2. A legalised drug is a safer drug. Many of those who die from their intoxication are killed by unsafe, adulterated substances. If the illegal drugs trade were subject to the same quality control as the legal one, fewer people would die. And fewer people would be tempted into trying hard drugs by their cannabis dealer aiming to ratchet up his margin by luring more customers into the higher-profit world of Class As.

3. It would cut crime. This is not just because an illegal activity is to be made legal, but because much drug crime is spurred by the high prices which prohibition allows dealers to charge, forcing addicts to steal to fund their fix.

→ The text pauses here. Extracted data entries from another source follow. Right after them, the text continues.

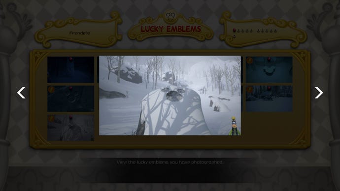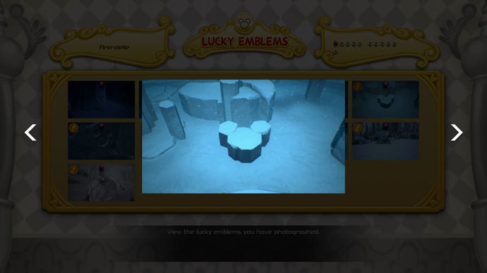 This Lucky Emblem is incredibly high up. When you’re on your way to the Ice Palace, you’ll see a Mickey head from the tip top of a snowy rock.
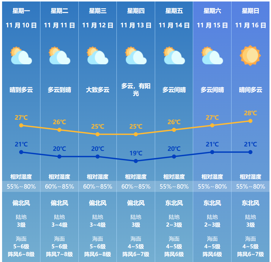 珠海七天天气预报↓
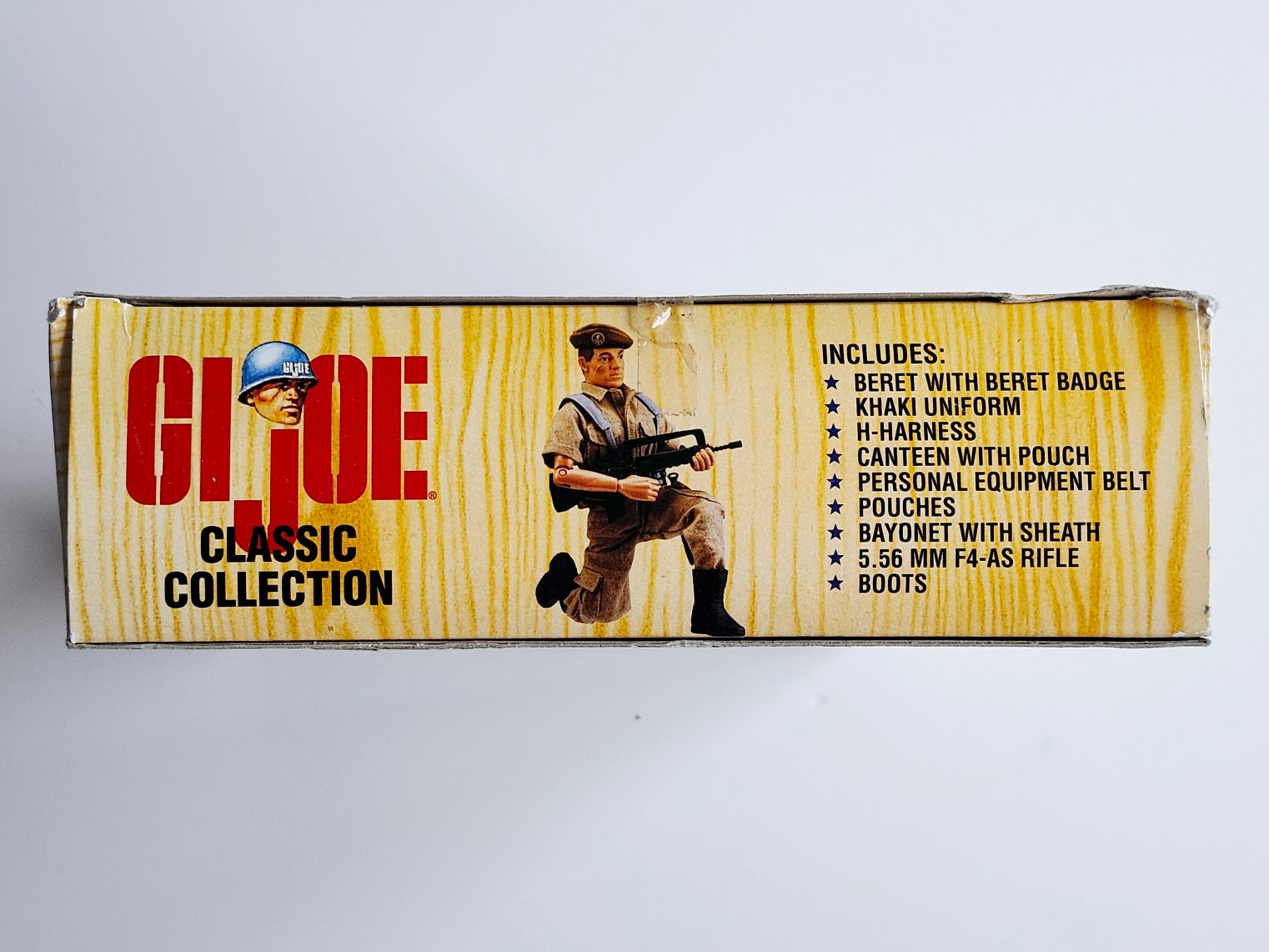 This Classic Collection French Foreign Legion set from 1997 includes a 12-inch G.I. Joe action figure, a beret with a beret badge, a khaki uniform, an H-harness, a canteen with a pouch, a personal equipment belt, pouches, a bayonet with a sheath, a 5.56 mm F4-AS rifle, a boots.

The war on drugs is the scarecrow on which organised crime is comfortably perched. We need to face up to the simple fact that the problem in society – especially our addict-laden inner cities – is not drug use, but drug abuse. Abuse of drugs by addicts, whose lives crumble to dust; and abuse of addicts by dealers, whose crimes are earning them rich rewards. Let us wrest control of the drug supply from criminals, and ensure that we use that control to combat the damage drug abuse is wreaking in this country.

3 comments:

Anonymous said...

Familiar arguments, but none the worse for that. Hence a familiar rejoinder: Do you recognise a danger that the tax in point (1) could undermine the price reduction hinted at in point (3)? After all, we still have an illegal black market in cigarettes precisely because the excise duty is so high, at least compared to some of our neighbours.

Stephen Tall said...

Paul - thanks. It's nice to know familiarity breeds content...

You're right, and I hope I deliberately avoided saying legalisation will end all smuggling/pushing. It will, I think, reduce it - but, clearly, there will always be a black market for cheaper/harder substances.

That's especially so, as I'm suggesting a first stage is to legalise non-opiate drugs, cannabis and ecstasy (the least harmful and addictive) to pilot the impact.

Which would mean, at least initially, cocaine and heroin would still be illegal; so there would still be an inevitable black market for them.

Bishop Hill said...

"I have never taken any illegal drugs."

Thank goodness, I thought it was only me!